Delaware Senate Bill 21: Proposed Changes to DGCL Section 144

Newly introduced Delaware Senate Bill 21 would, if adopted, make significant changes to Section 144 of the DGCL to more narrowly define key concepts from case law and create a safe harbor for corporate transactions with controllers (other than going private transactions). Here’s more from this CLS Blue Sky blog:

Overturning Match Group: Lowering the Standard for Controller Transactions. Under Match Group, all controlling stockholder transactions must satisfy all six MFW procedural protections—or face entire fairness review. The proposal rewrites that rule: It applies MFW only to so-called “controller takeovers” (mirroring the original MFW), and even then jettisons crucial MFW features such as full independence of the committee and ab initio In practical terms, going-private deals no longer need to be conditioned on both cleansing mechanisms from the outset, and the committee need only be “majority disinterested” (explained below). For all other controlling-stockholder transactions, the standard is also lowered: (a) The special committee does not have to be fully independent, only “majority disinterested.” (b) The stockholder vote counts only votes actually cast, so abstentions do not act as opposition. (c) Either committee approval or stockholder approval suffices—no need to secure both. This is a major departure from Match Group and fundamentally reduces the scrutiny applied to controller transactions.

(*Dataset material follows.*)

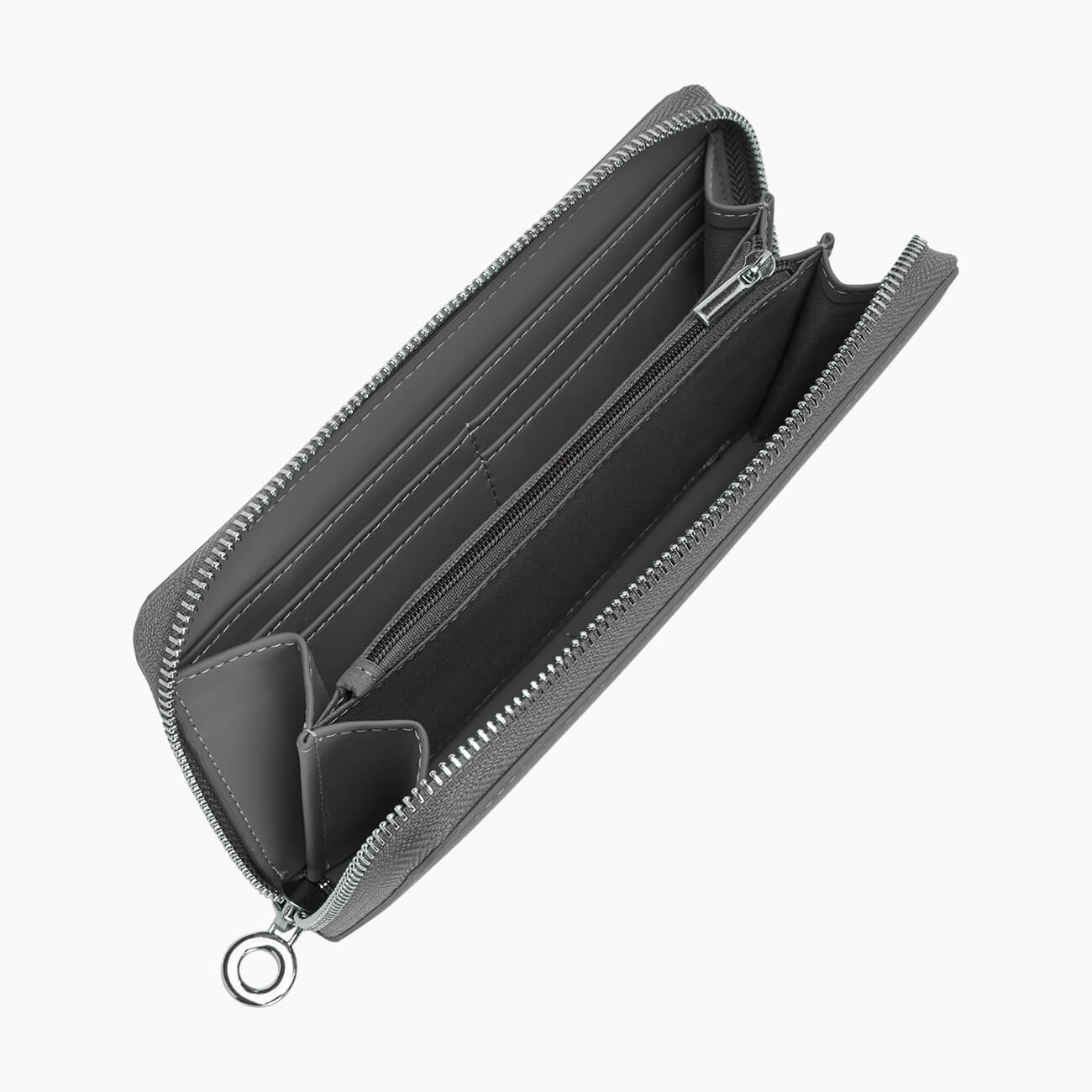 Nagyméretű pénztárca cipzárral, kártyahelyekkel és érmés tárcával.

Defining “Controlling Stockholder” with a 33.33 percent Threshold. Delaware courts have recognized controllers below 33.33 percent when they exert “actual control.” The proposal imposes a bright-line rule: A stockholder is a controller only if the stockholder owns a majority or holds at least one-third plus managerial authority equivalent to a majority owner. This will exclude some major stockholders (20–33 percent) from controller scrutiny, even if they exercise significant influence. Notably, it undermines cases like Tornetta v. Musk(2024), where Elon Musk was deemed a controller at just 21 percent. Under this rule, he would not have been classified as a controller at all.

Presumption of Independence for Exchange-Listed Directors. A director deemed independent under NYSE/Nasdaq rules is now presumed disinterested unless strong, particularized evidence proves otherwise. Additionally, a director’s nomination by an interested party does not, by itself, suggest the director is interested. This directly counters cases like Goldstein v. Denner, where a director’s controller-backed nomination played a key role in determining that the director wasn’t independent. This change makes it harder to challenge director independence.

“Fair as to the Corporation” Defined. The proposal defines fairness as a transaction that provides a benefit to the corporation or stockholders and is comparable to what might have been obtained in an arm’s-length deal. This codifies the two-pronged fairness test (fair price + fair process) but lacks detail compared with decades of entire fairness jurisprudence. It leaves open several questions: How “comparable” must the deal terms be? What evidence satisfies this? Courts will likely need to interpret these gaps in future litigation.

New Definitions of “Material Interest” and “Material Relationship.” For directors, a material interest or material relationship is anything that reasonably impairs their objectivity. For stockholders, it’s defined more broadly as anything material to them personally. This replaces the fact-intensive, contextual analysis of director independence from Beam v. Stewartand In re Oracle with simplified statutory definitions. Courts may now be less willing to find conflicts unless the impairment is explicit and significant. This could potentially limit challenges to board independence.